● PROBLEM DESCRIPTION: Beginning with the line below that contains "An earlier photo" and ending with the line that contains "Domino Square Dark/White", retype every line exactly. Pictures are not copied.

● Records contained in a dataset:

========================

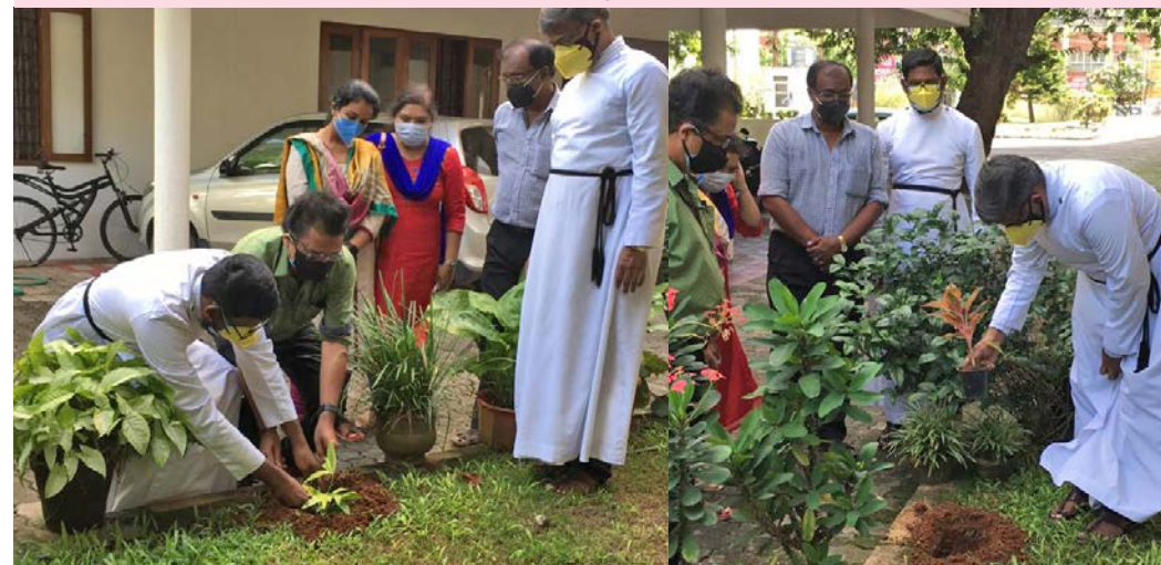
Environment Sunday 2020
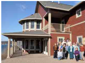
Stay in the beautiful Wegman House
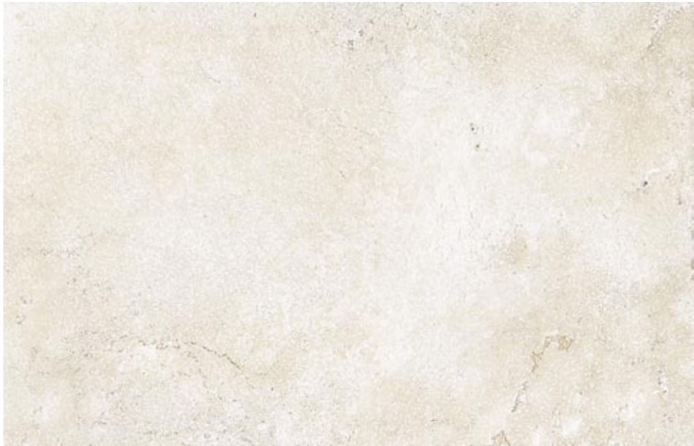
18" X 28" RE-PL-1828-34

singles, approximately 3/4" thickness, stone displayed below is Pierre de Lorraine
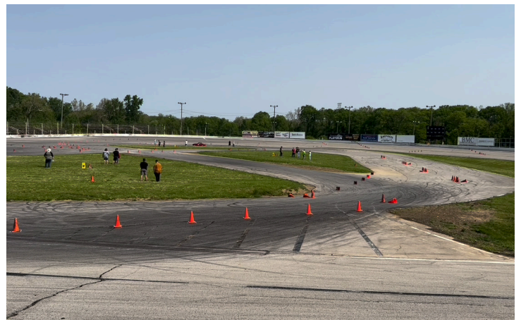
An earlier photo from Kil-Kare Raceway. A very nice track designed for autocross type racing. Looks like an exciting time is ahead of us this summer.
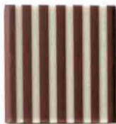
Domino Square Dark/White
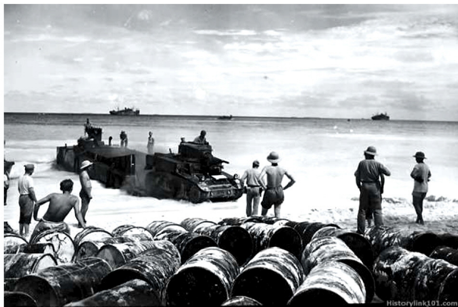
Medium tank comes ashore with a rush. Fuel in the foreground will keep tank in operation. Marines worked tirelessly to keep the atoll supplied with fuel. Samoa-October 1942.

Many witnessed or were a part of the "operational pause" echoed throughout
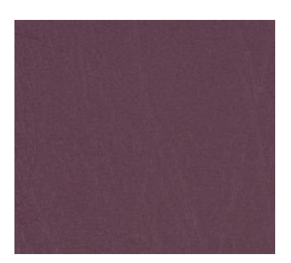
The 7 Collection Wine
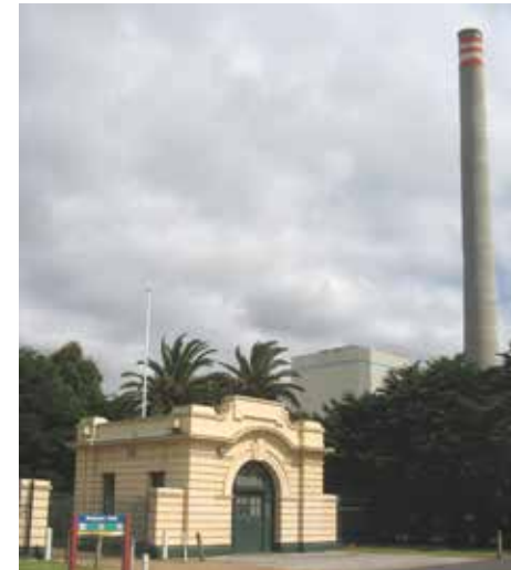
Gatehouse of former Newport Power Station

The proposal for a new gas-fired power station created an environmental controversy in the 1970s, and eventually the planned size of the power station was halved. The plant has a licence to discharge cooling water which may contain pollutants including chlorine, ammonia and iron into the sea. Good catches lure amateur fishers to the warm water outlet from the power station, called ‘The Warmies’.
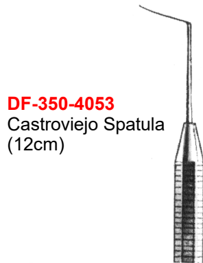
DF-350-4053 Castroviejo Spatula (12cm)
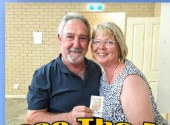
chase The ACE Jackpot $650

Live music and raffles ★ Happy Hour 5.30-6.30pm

========================

● RESPONSE AREA:
An earlier photo from Kil-Kare Raceway. A very nice track designed for autocross type racing. Looks like an exciting time is ahead of us this summer.
Domino Square Dark/White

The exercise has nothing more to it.